**DIRECTIONS FOR THIS TASK**
Below is a listing; write it out exactly and drop any images from it.
*** Opening of AVAILABLE DATA ***
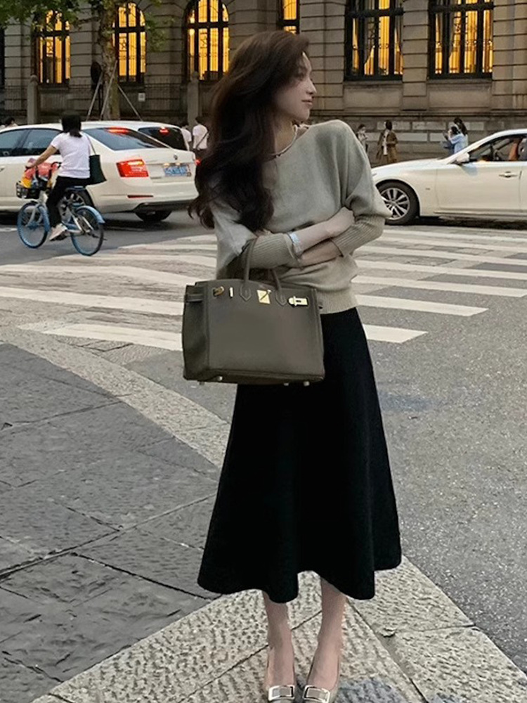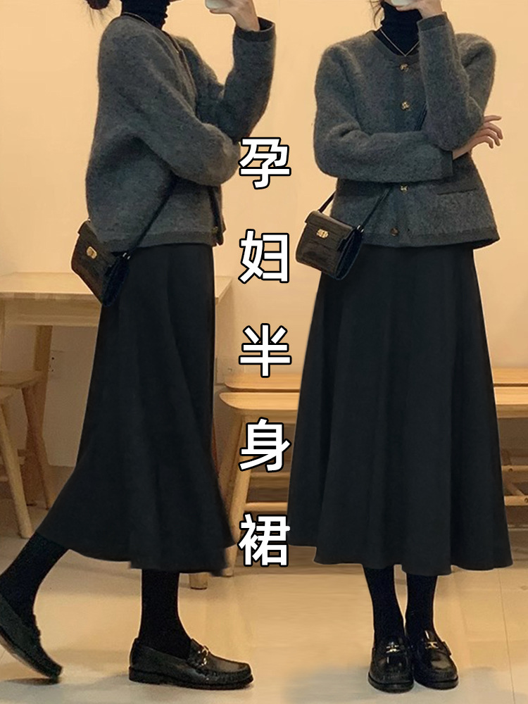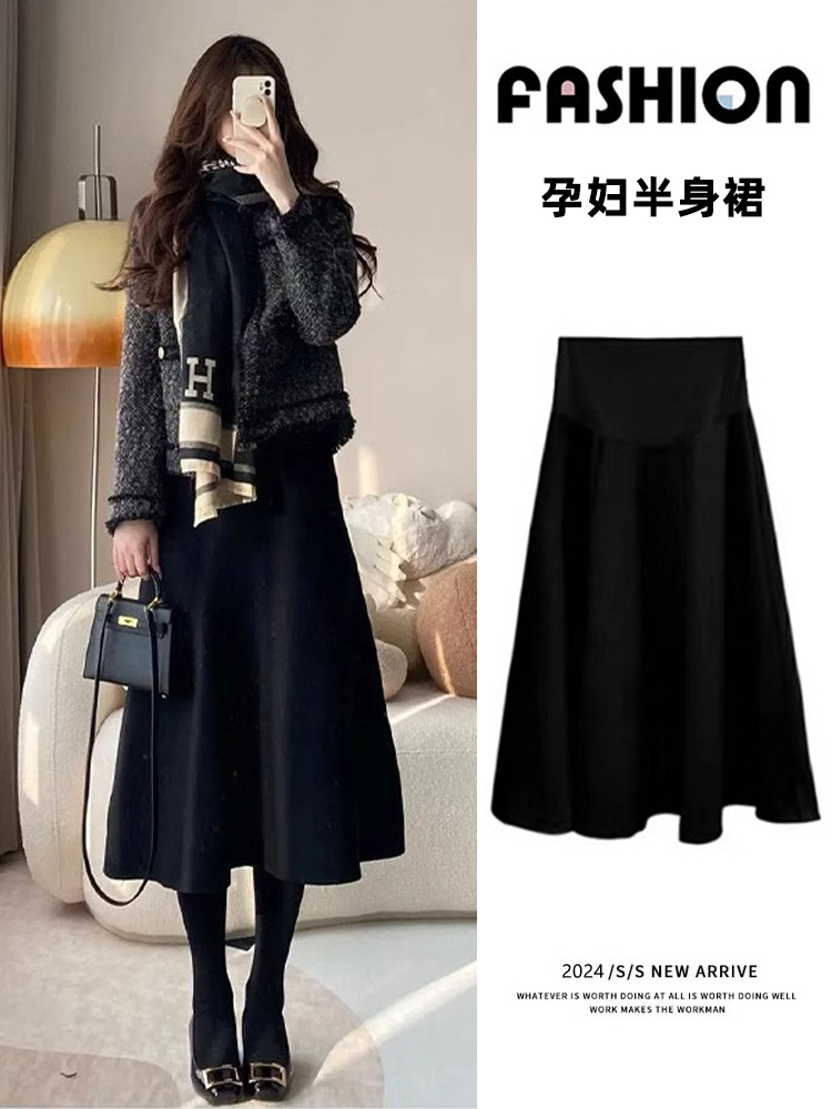 Юбка для беременных, весна-осень, элегантная женственная юбка А-силуэта с высокой талией, стройнящая фигуру, юбка-парасоль средней длины.
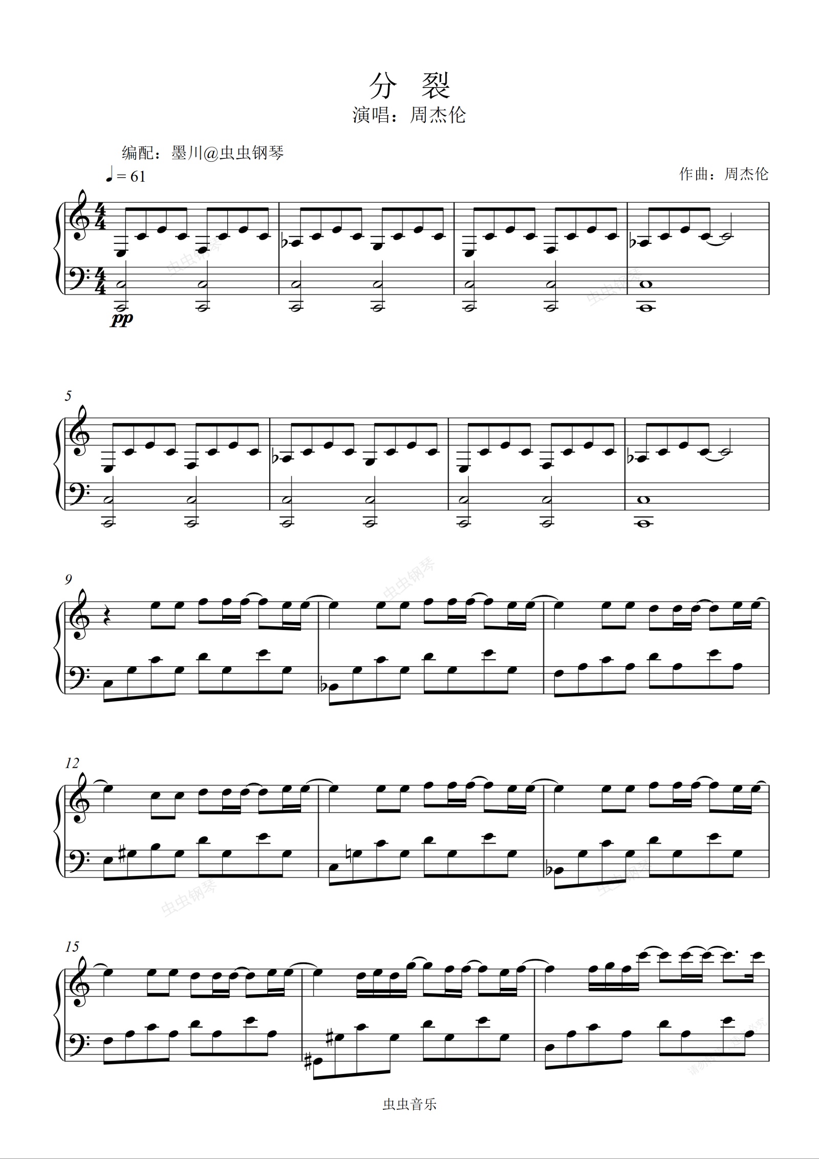 钢琴谱:分裂—周杰伦—C调编配
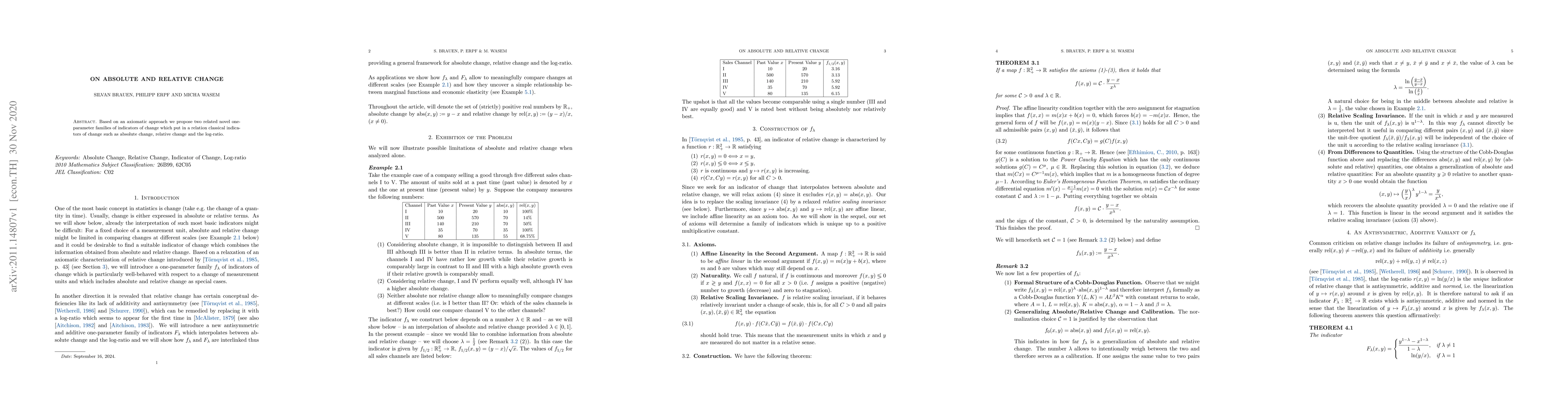 Based on an axiomatic approach we propose two related novel one-parameter families of indicators of change which put in a relation classical indicators of change such as absolute change, relative change and the log-ratio.
*** Close of AVAILABLE DATA ***
**RESPONSE BELOW**
 Юбка для беременных, весна-осень, элегантная женственная юбка А-силуэта с высокой талией, стройнящая фигуру, юбка-парасоль средней длины.
 钢琴谱:分裂—周杰伦—C调编配
 Based on an axiomatic approach we propose two related novel one-parameter families of indicators of change which put in a relation classical indicators of change such as absolute change, relative change and the log-ratio.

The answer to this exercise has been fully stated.